The divorce only escalated the manipulation. “He knew that I was terrified of him,” said Hannah. “So he would drop the children off with pictures of guns pinned up all over his car.” He fed the kids ham although they kept kosher. He videotaped their 5-year-old son in the bathtub, saying that his mother touched him sexually—proof to Hannah of brainwashing. It is no surprise to her now that her husband is withholding the get.
The Search for New Solutions
Emanuel Rackman died in December 2008. By that time, he and his beth din were shunned by the Orthodox establishment for having gone too far. Broyde argued that Rackman’s approach harmed the agunah, by creating the illusion of freedom when she, in fact, remained tethered under Jewish law. The “annulled” wives struggled to find an Orthodox rabbi who would remarry them.
Broyde instead advocates using the prenuptial agreement as a preventative solution to the agunah problem. The Beth Din of America drafted the form contract, which states that a husband has an obligation to provide his wife with support of $150 per day from the date of separation until the date the get is granted. The Beth Din of America, an Orthodox rabbinical court located in New York, is the arbitrator of the agreement. Stern says the premarital agreement has been very effective in cases where it is used. But for the thousands of agunot already trapped without an agreement, it holds little promise.
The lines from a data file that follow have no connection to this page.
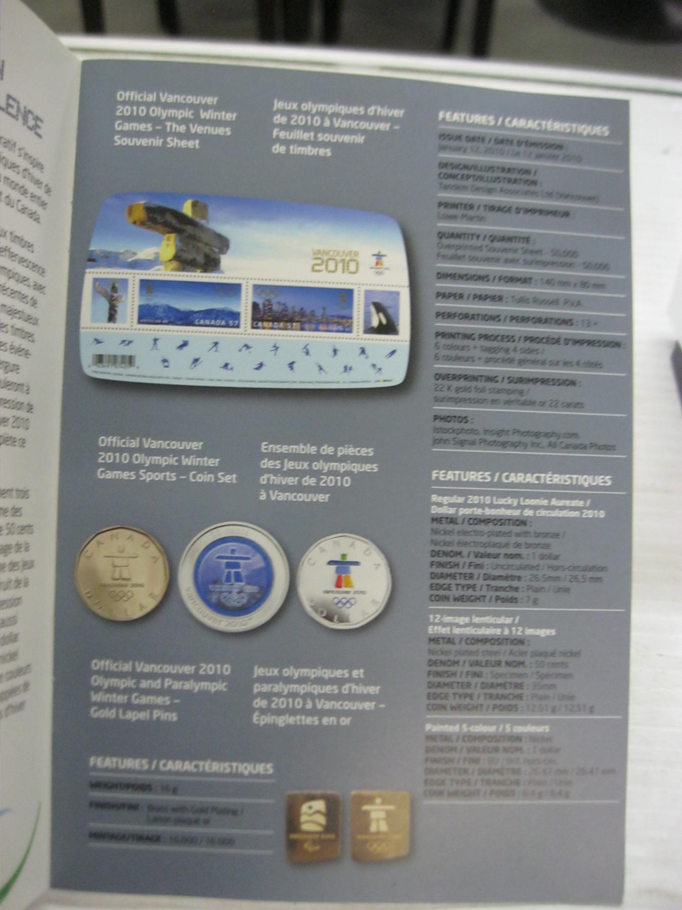 Lot 794 2010 VANCOUVER OLYMPICS COIN & PIN COLLECTOR SET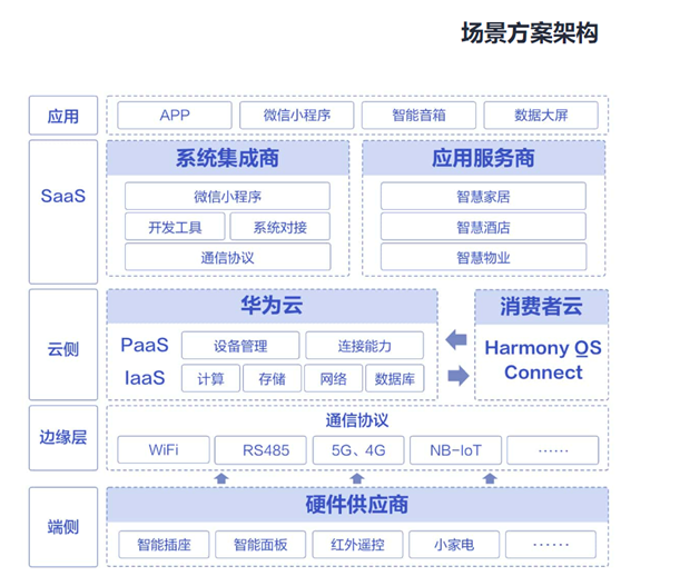 甚至家用电器也变得越来越智能。LG、海尔、美的等公司制造了洗衣机、干衣机甚至冰箱,现在可以通过语音助手和手机app进行控制。以华为云IoT为例,智慧生活物联网场景整体设计包括硬件设备、云上资源、平台服务和业务应用。其中云上资源由华为云提供服务,平台服务由开源鸿蒙OpenHarmony、华为云IoT服务以及合作伙伴提供,业务应用由合作伙伴基于华为云开放的能力服务构建。从SaaS侧、端侧、云侧提供解决方案给用户提供越来越完善的居家生活体验。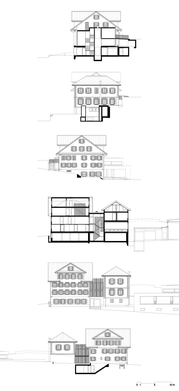 Ansonsten verfolgt die Rückführung in den Zustand 1891 unter konsequenter Vermeidung von markanten Fassadenveränderungen das Ziel einer vom Bestand ausgehenden, ganzheitlichen Gestalt.
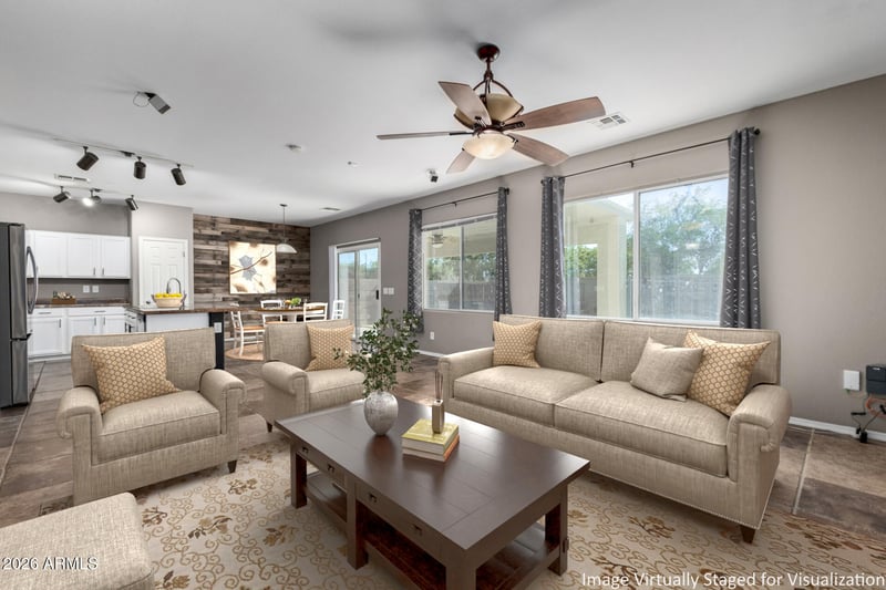 Listing details for 15820 164th Ln, Surprise, AZ 85388 : You'll love this open-concept 4-BR, all-tile home with charming details throughout. The bright white kitchen features faux-stone countertops with rough-hewn edges that complement the earth-tone tile flooring. A large island and breakfast bar overlook the pool and spacious great room, while the dining area is highlighted by a striking wood accent wall. From the kitchen and great room, enjoy views of the fully fenced backyard with a sparkling pool, pergola, and always-green artificial turf. The spacious primary suite is privately separated and includes a large walk-in closet with ample shelving. The primary bath offers dual sinks and a private toilet room. All bedrooms have ceiling fans, and the backyard features a gas fire pit. Check out the large workroom off the garage!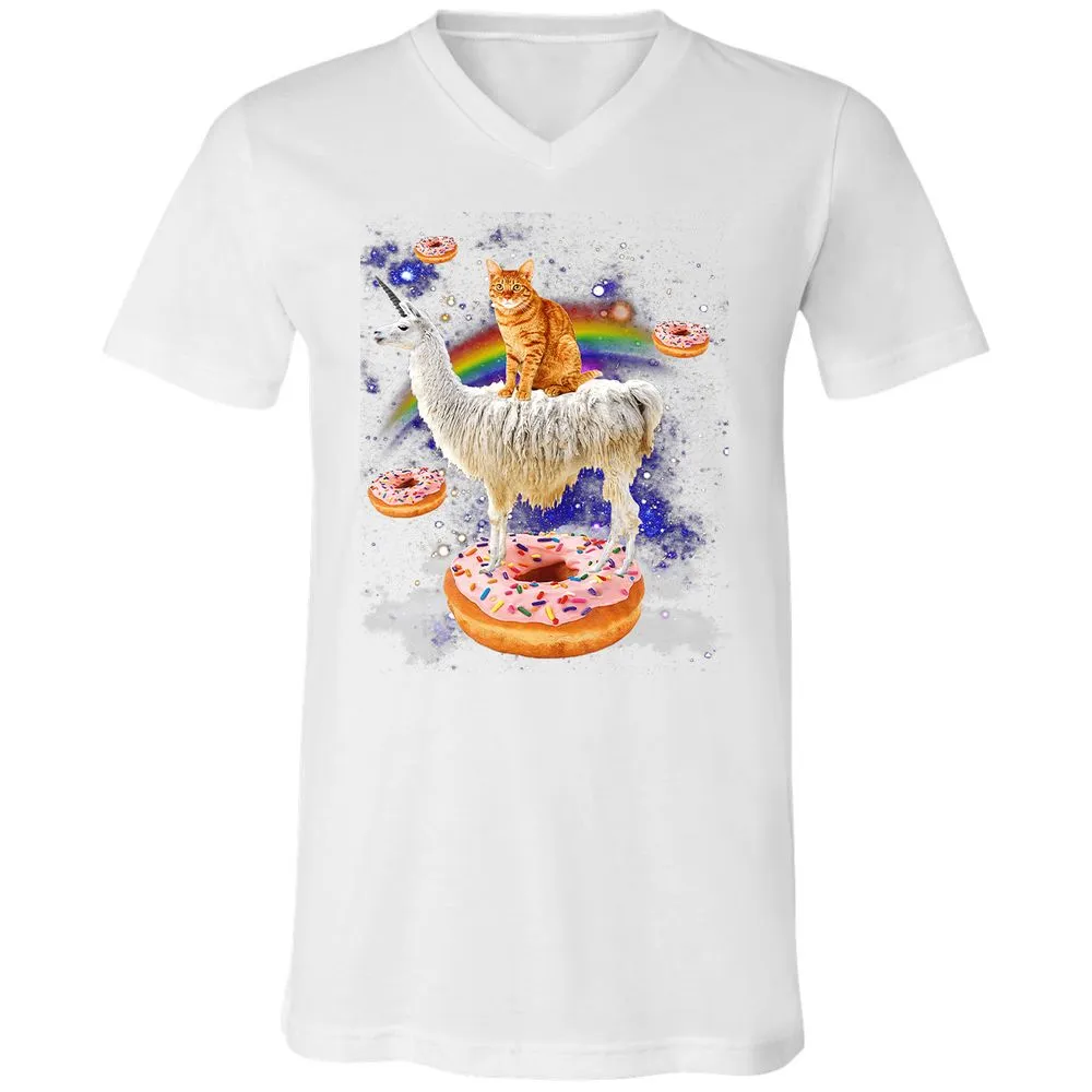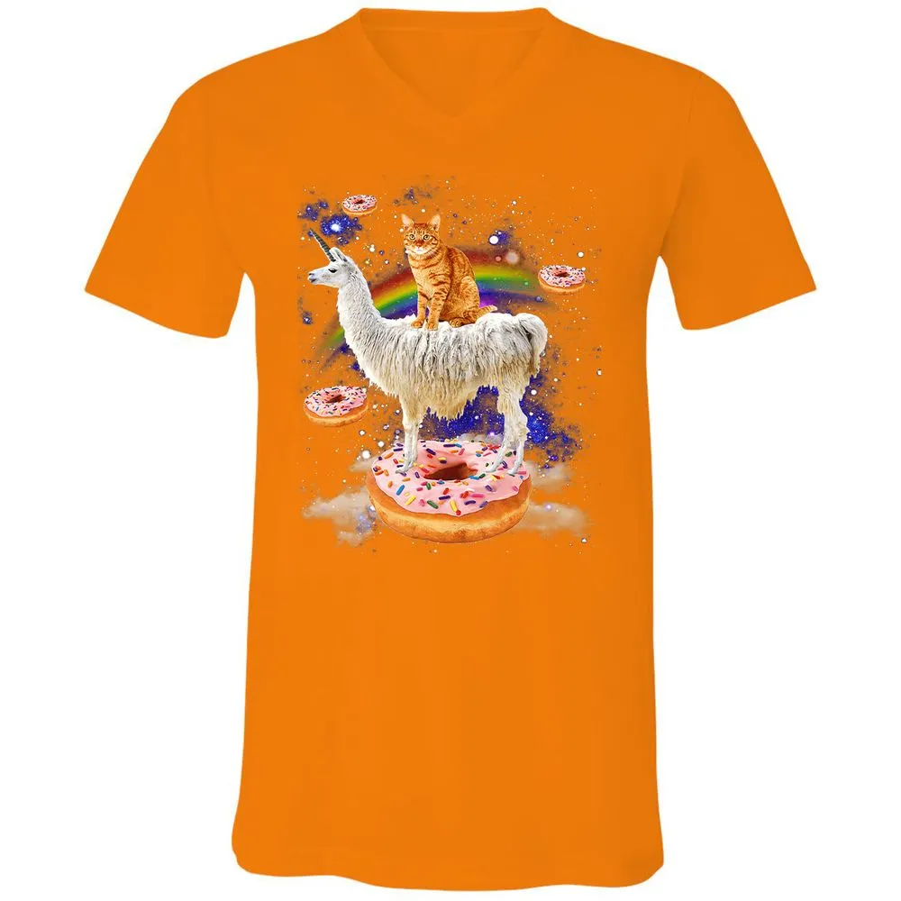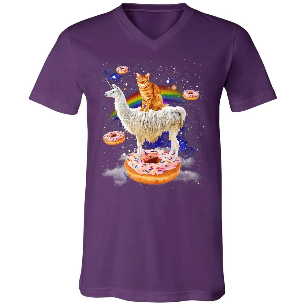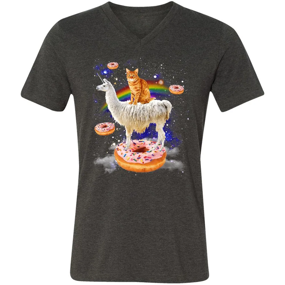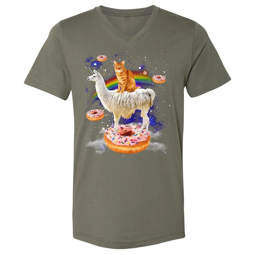 Space Cat Riding Llama and Donuts Galaxy Funny Cat Unisex V-Neck T-Shirt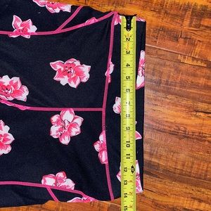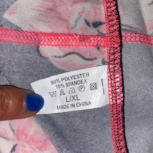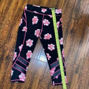 Cute workout pants black with pink and white flowers. Pink stitching. Two see thru stripes at bottom with black see thru overlay. Size large.

Advocacy groups like ORA are exploring new solutions that dovetail into civil law. In May 2009, the Supreme Court of California awarded a woman $75,000 in damages for “intentional infliction of emotional distress,” based on the withholding of a get for almost 30 years. A psychologist testified about the wife’s resulting depression and anxiety. The husband in that case had fled Israel decades prior and owed $127,000 in child support. He had set up a new life for himself in Tarzana, California, where he lived on the same block as several other recalcitrant husbands. He failed to appear in court to contest the wife’s legal claims, resulting in a default judgment of $202,000 against him. The woman is now trying to collect the money. Stern says that she would forgive the $75,000 in damages for emotional distress in exchange for the get.
In another case, a woman from Williamsburg has a civil contempt order against her ex-husband for child support in the amount of $70,000. She too has said that, for a get, she is willing to wipe the slate clean, says Stern. She obtained a proclamation from her beth din, stating that the result would not be a “coerced” get.
Yet the question lingers over what constitutes extortion. “Where is the line?” Stern asks. If a husband requests $5,000 for the get, the administrative costs of challenging him exceed the demand itself. ORA estimates that its own operational costs for a single case amount to approximately $7,500. Hasidic rabbinical courts have set the threshold at $100,000, declaring an exchange of the get for anything less non-coercive.
Hannah does not know what her solution will be. Social pressure is not plausible in Virginia, she says, where the Jewish community is so small. She also fears that a public protest would alienate people in the area or provoke anti-Semitism. “They may not even agree with the rabbis,” said Hannah. They may recoil at the concept of a get or question what’s wrong with intermarriage. Hannah’s sister thinks she should try to raise the money to pay for the get, but Hannah is resistant. She thinks she may have to wait until she finds someone new to marry. Perhaps the two of them can then pool their money together to buy her freedom.